Même en défaveur du consommateur, le contrat de vente est légal. «Les CGU ne sont pas attaquables sur la question du droit d’accès et de la propriété. Il s’agit d’un accord entre deux parties consentantes, analyse Michel Jaccard. Les clauses ne sont en tant que telles ni excessives ni trompeuses. Je ne crois pas que l'on puisse raisonnablement penser, en tant que consommateur, être devenu propriétaire de la chanson que l'on télécharge sur une plateforme comme iTunes pour le montant payé».

Les choses pourraient changer

Les conditions générales d’utilisation ne sont pas gravées dans le marbre pour autant. Dans une affaire récente, la Cour de justice de l’Union européenne a estimé que revendre la licence d’un software téléchargé était légale. «Ce jugement a été une surprise, note François Charlet. Formellement, il ne porte que sur les programmes informatiques. C’est dommage, car il n’y a pas fondamentalement de différence entre un logiciel et un fichier numérique audio». La réflexion mérite selon lui d’être poursuivie.

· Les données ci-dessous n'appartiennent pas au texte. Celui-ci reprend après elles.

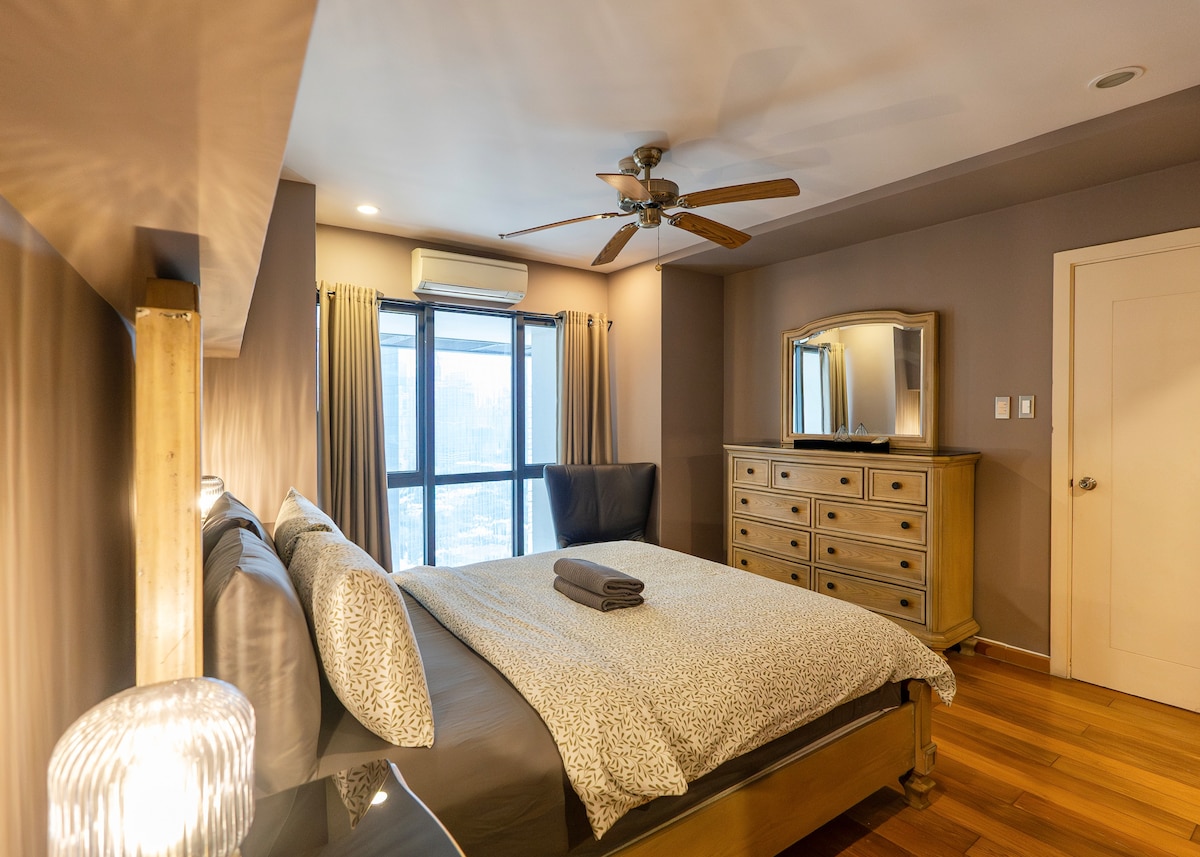 Your Executive retreat (30% off 7+ nights) includes: Ogawa full-body massage chair De'Longhi coffee bar + Marshall speakers Tempur Queen bed · Goose down pillows Crate & Barrel furnishings · 78 SQM Wraparound balcony · Rockwell skyline views Private outdoor dining set above the city Full blackout smart curtains Fully stocked kitchen · Complete toiletries 50" Samsung TV · Netflix · High-speed WiFi All included – Rooftop pool · Gym · Private parking Smart lock self check-in anytime 24/7 security
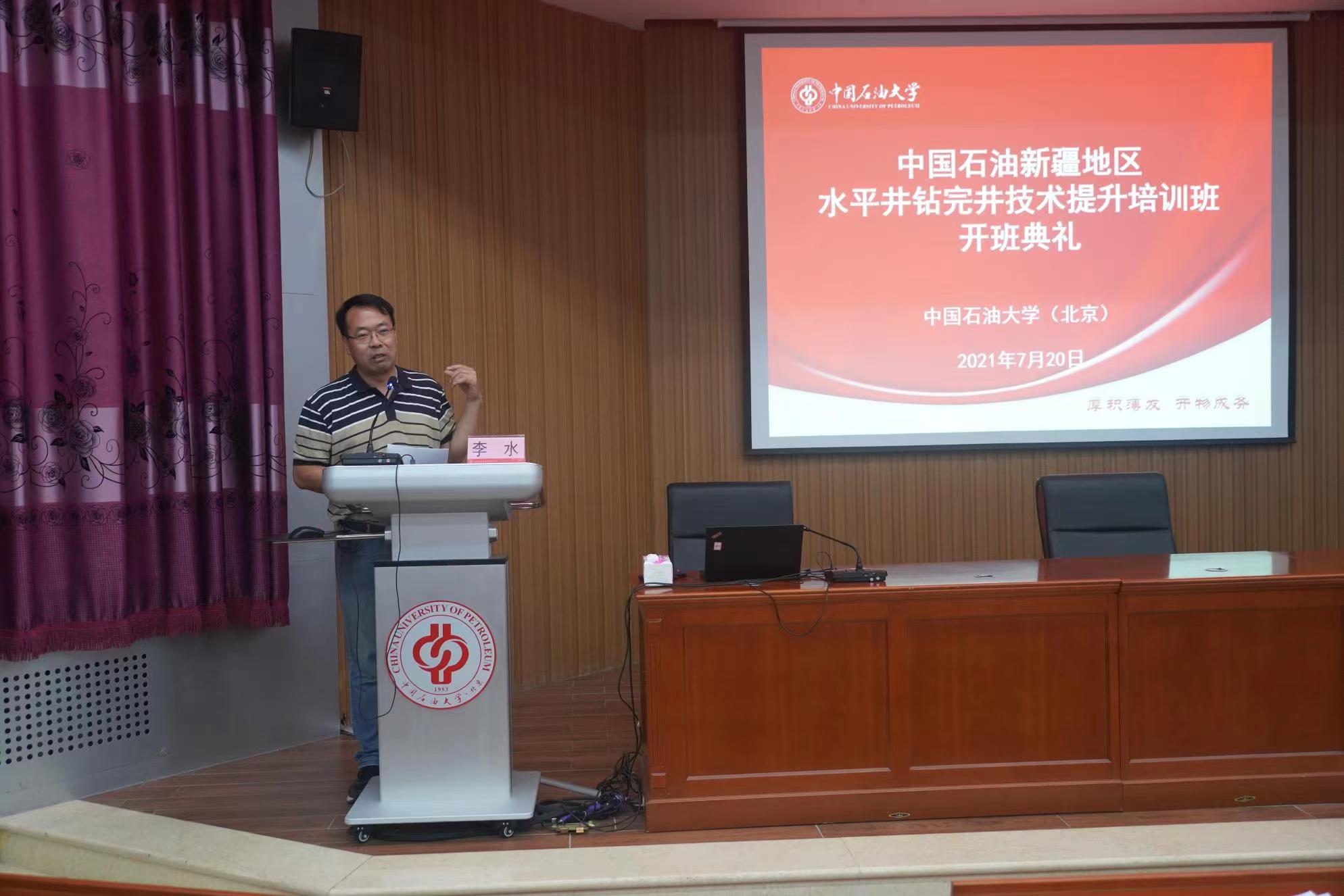 李水副院长首先代表学校对全体学员来到中国天天色天天(北京)学习表示热烈欢迎,并详细介绍了学校及学院的发展历史和现状,学校双一流学科建设成果,并对本期培训班学员提出两点希望:希望各位学员调整心态,迅速适应学习环境,由工作状态调整到学习状态,遵循学校的相关管理制度,充分利用本次培训机会增加彼此间的交流,真正做到学有所获。李水副院长介绍中国天天色天天(北京)钻井工程专业有两位院士及众多知名专家教授,在天天色天天这个平台上希望大家与老师们多交流沟通,教学相长,共同进步。
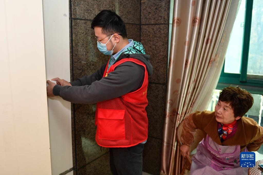 智慧養(yǎng)老綜合服務(wù)平臺(tái)的工作人員(左)在浙江省湖州市吳興區(qū)愛(ài)山街道龍庭小區(qū)一位居民家中安裝“一鍵幫助”服務(wù)設(shè)備(2021年11月17日攝)?!耙绘I幫助”服務(wù)是愛(ài)山街道數(shù)字化居家養(yǎng)老服務(wù)項(xiàng)目之一。老人需要幫助時(shí)輕輕按下,智慧養(yǎng)老綜合服務(wù)平臺(tái)的工作人員就能第一時(shí)間獲取信息,聯(lián)系老人了解其需求,提供相應(yīng)服務(wù)。目前,愛(ài)山街道70周歲以上老人已實(shí)現(xiàn)“一鍵幫助”系統(tǒng)全覆蓋。新華社記者黃宗治攝
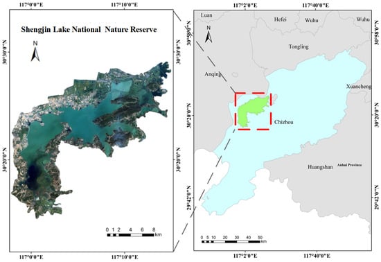 The Shengjin Lake National Nature Reserve is located in Dongzhi County, Chizhou city, Anhui Province, within the coordinates of 116°55′ to 117°15′E and 30°15′ to 30°30′N, covering a total area of 33,340 hectares [45], as shown in Figure 1. The Shengjin Lake area receives abundant rainfall and is rich in surface runoff, with well-vegetated surroundings. This wetland is a freshwater lake with high water quality and serves as a protected area focused on conserving freshwater wetland ecosystems and rare, endangered bird species [46]. An investigation of the dynamic changes in the landscape patterns of the Shengjin Lake wetland ecosystem is crucial for monitoring the ecological and environmental changes and maintaining the biodiversity. This study also provides important insights for wetland conservation management and the rational utilization of wetland resources. Therefore, we select Shengjin Lake as the study area to conduct an in-depth investigation of wetland landscape classification methods and to analyze the evolution of landscape patterns from 2013 to 2023.

Pas sûr toutefois que la justice doive se mêler de l’achat des bien dématérialisés. Les vendeurs en ligne pourraient lâcher du lest. «Il y a une pression grandissante sur les donneurs de licence pour qu’ils autorisent le transfert et la vente de ces droits d’utilisation», relève Michel Jaccard. D’ici 2 à 3 ans, il devrait être plus facile de revendre ou de transmettre les données d’un compte iTunes. Moins pour alimenter un marché du MP3 d’occasion que pour régler la question de fins de contrats, par exemple lors de la mort d’un client. (nxp)

Créé: 06.09.2012, 06h46

Les conseils de la FRC

Les clients sont appelés à se mobiliser et à faire pression sur les CGU pour faire évoluer la situation en leur faveur. «La dématérialisation des œuvres a clairement affaibli la position des consommateurs, note Mathieu Fleury, secrétaire général de la FRC. C’est d’autant plus inquiétant que les dépenses des ménages augmentent dans ce domaine».

Pas question pour autant de revenir à tout prix au bon vieux CD. Du côté de la Fédération romande des consommateurs, on ne veut pas aller à l’encontre du progrès. «Un bon moyen de garder le contrôle sur ses achats en ligne, c’est d’effectuer des copies de sauvegarde des fichiers téléchargés et de les stocker par exemple sur un disque dur externe», conseille Mathieu Fleury.